4. Discussion and Final Remarks
Perhaps the most striking feature of Bayes’ rule is the amount of information that can be gleaned from a few uncomplicated probability ratios (the fact that Bayesian methods are at present more than two hundred years old is equally impressive). Within the Bayesian framework, a prior event probability is updated to a posterior probability of that event by means of a likelihood. The latter provides the (conditional) probability of corroborating the a-priori stated hypothesis; this aspect is numerically illustrated in the Appendix.

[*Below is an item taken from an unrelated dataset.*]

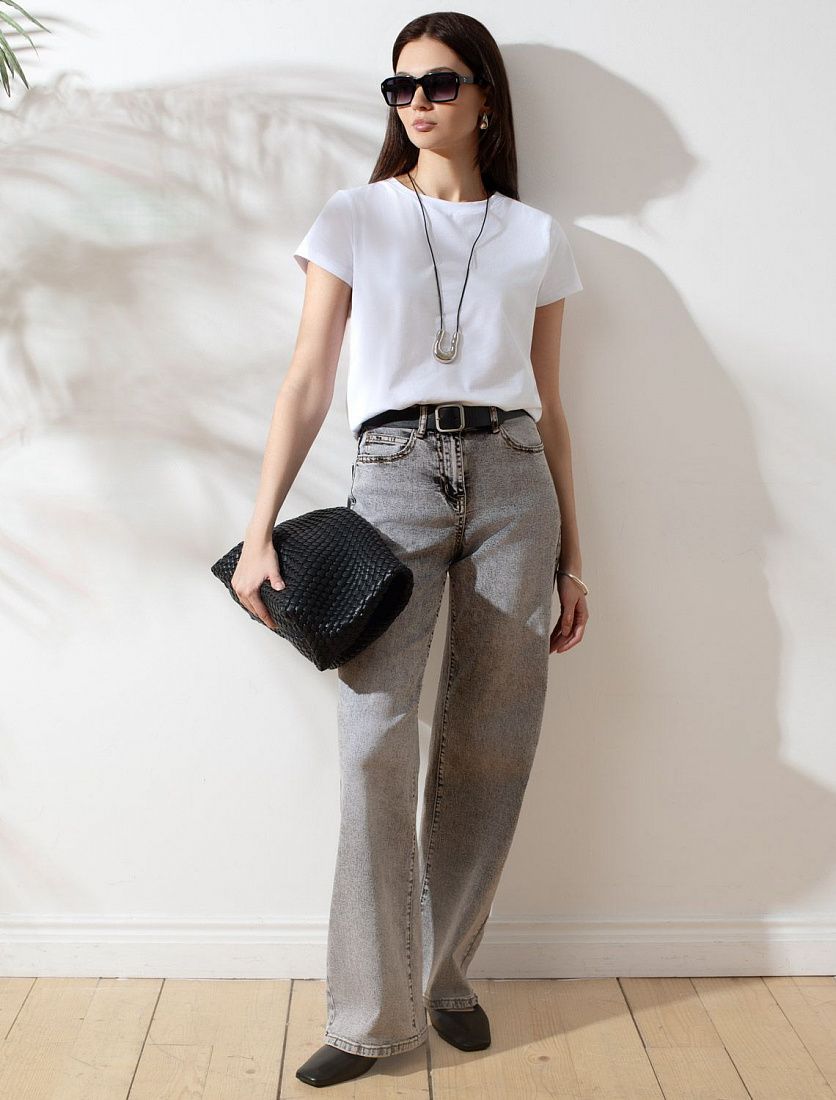 Стильные джинсы трубы серого цвета цвета прямого кроя выполнены из эластичного облегченного денима, что делает их особенно удобными для повседневной носки. Легкая декоративная стирка добавляет интересный акцент и подчеркивает современный дизайн. Джинсы правильного кроя визуально вытягивают силуэт, благодаря эластану в составе аккуратно садятся на любую фигуру, подчеркивая достоинства и обеспечивают максимальный комфорт в течение дня, не сковывая движения. Широкая размерная линейка подходит для разных типов фигур: свободные джинсы комфортны как для обладательниц пышных форм, так и для худеньких. Вы сможете подабрать джинсы на низкий или высокий рост. Джинсы идеально держат форму даже при активном движении и не вытягиваются после долгой носки. Качественная надежная фурнитура делает эти джинсы премиальными. Широкий подгиб добавляет актуальности — такой тренд отлично сочетается как с обувью на каблуке, так и на плоском ходу. Благодаря универсальному дизайну джинсы легко комбинируется с разными элементами гардероба.

The examples presented in this paper provide a small “window” to the realm of Bayesian methods whose further exploration in electrochemical science and engineering requires further work. Bayes’ rule is just one of many other mathematical devices of applied probability theory with potential interest to the field.
Acknowledgments
Utilities provided by the University of Waterloo and the Natural Sciences and Engineering Research Council of Canada (NSERC) are gratefully acknowledged.
Appendix
Bayes’ Rule: Short Analysis and Illustration via Application No. 3
Let AB and BA denote the combined event of both events A and B occurring, the order of occurrence being immaterial. The veracity of the statement P(AB) = P(BA) = P(B/A)P(A) = P(A/B)P(B) and of (1) immediately follows. Accounting for complementary events A′ and B′ the (total) probabilities P(A) = P(A/B)P(B) + P(A/B′)P(B′) and P(B) = P(B/A)P(A) + P(B/A′)P(A′) are mirror images of each other. In Application No. 3 P(B/A)P(A) = (0.97)(0.04) = 0.0388 is the posterior probability of an EC being defective vis-à-vis prior probability. P(A) = 0.04. Similarly, P(B/A′)P(A′) = (0.01)(0.96) = 0.0096 is the posterior probability of EC-defectiveness vis-à-vis prior complementary probability P(A′) = 0.96; the total probability of event B is 0.04 + 0.0096 = 0.0484. Bayes’ rule yields P(A/B) = 0.0388/0.0484 = 0.8017, that is the posterior probability that an EC tested defective is, indeed, defective. It is appreciably less than the claimed (i.e. prior) probability of 0.97.